Monday, February 28, 2011

Shed Your Weight Problem Here

I remember the first time I picked up a Cosmopolitan magazine. The secrets to being beautiful, and sexy I was sure lay in the 200 pages under the provocative cover. While I may have learned how to "speak dirty in 3 foreign languages" and giggled at embarrassing stories, I never found the ultimate secrets in fashion magazines. While they still tempt me at airports, and I rely on them for elliptical trash reading, I now know that the secret to happiness, and beauty does not lay in their monthly pages. The truth of the matter is that sometimes these magazines do more harm than help.

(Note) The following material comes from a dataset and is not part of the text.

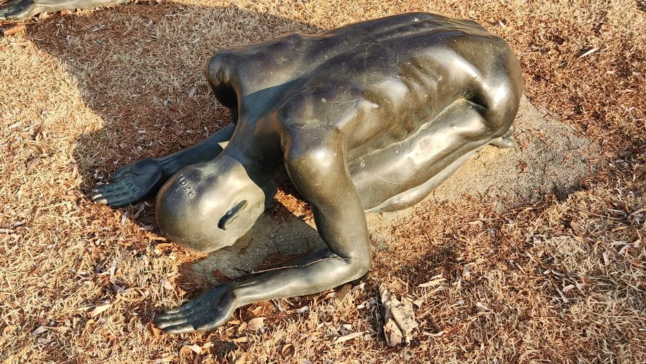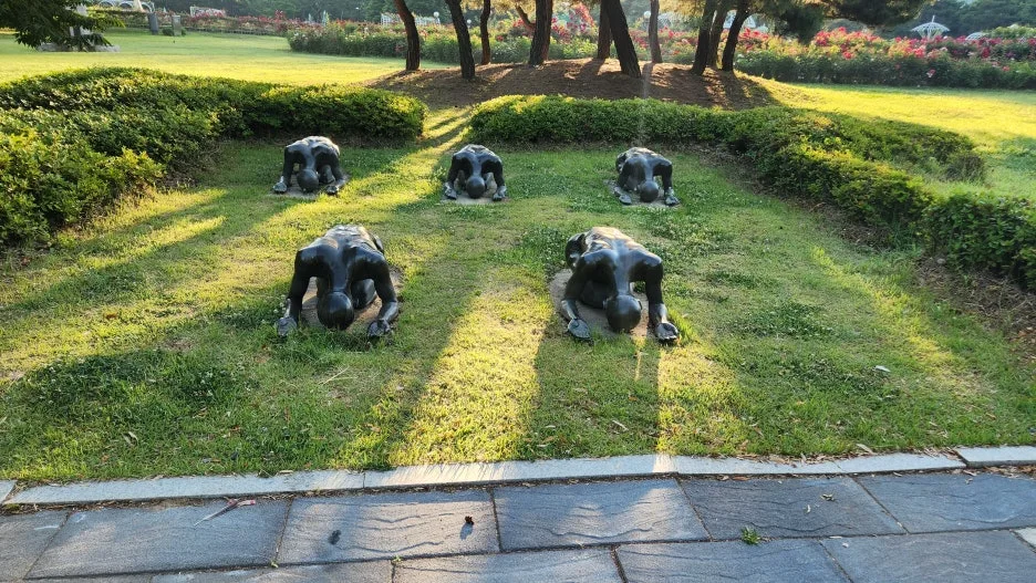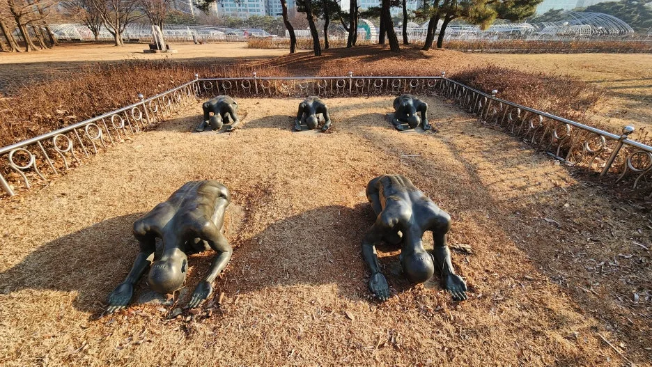 조소, 소조, 조각이라는 용어가 비슷해서 아마 헷갈리실 거예요. 조소는 소조와 조각을 모두 아우르는 뜻입니다. 재료를 붙여 나가며 입체적으로 형상을 표현하는 기법을 소조, 재료를 깎거나 새겨서 입체 형상을 만드는 것을 조각이라고 합니다. 정확히 말하면 위의 작품은 조각이 아닌 소조입니다. 흙으로 만든 뒤 석고로 떠서 틀을 만들고, 녹인 청동을 그 틀에 넣어 만든 작품입니다. 하지만 우리는 '조각 공원'이라고 말하지 '소조 공원'이라는 말은 잘 사용하지 않아요. 정확한 표현은 아니지만 소조와 조각을 구분하지 않고 '조각'이라는 표현으로 통용되고 있는 것 같습니다. 함께 이야기 나눌 수 없음이 아쉽지만, 이 작품을 보고 여러분의 마음속에 물음표가 생겼다면 그것으로 저는 만족합니다.

The media doesn't cause eating disorders but they send out the clear message that you should be thin. They keep showing or telling us only thin women's bodies are beautiful and sexually desirable. That you won't find a boyfriend until you have a perfectly flat stomach. Tempt that once you're thin you will be confident, successful, healthy and happy.Let's have a little wake up call: You're life isn't going to suddenly become perfect if you lose 10 lbs. You can't and shouldn't be happy with yourself unless your body looks exactly like the thin ideal.

The fact of the matter is that happiness and being comfortable with your body doesn't sell.
The "beauty" and diet industries make more than $45 billion every year.Media is a business, and in order to continue to generate revenue they have to keep us in a state of unhappiness, constantly looking to the newest "quick fix" diet or beauty product.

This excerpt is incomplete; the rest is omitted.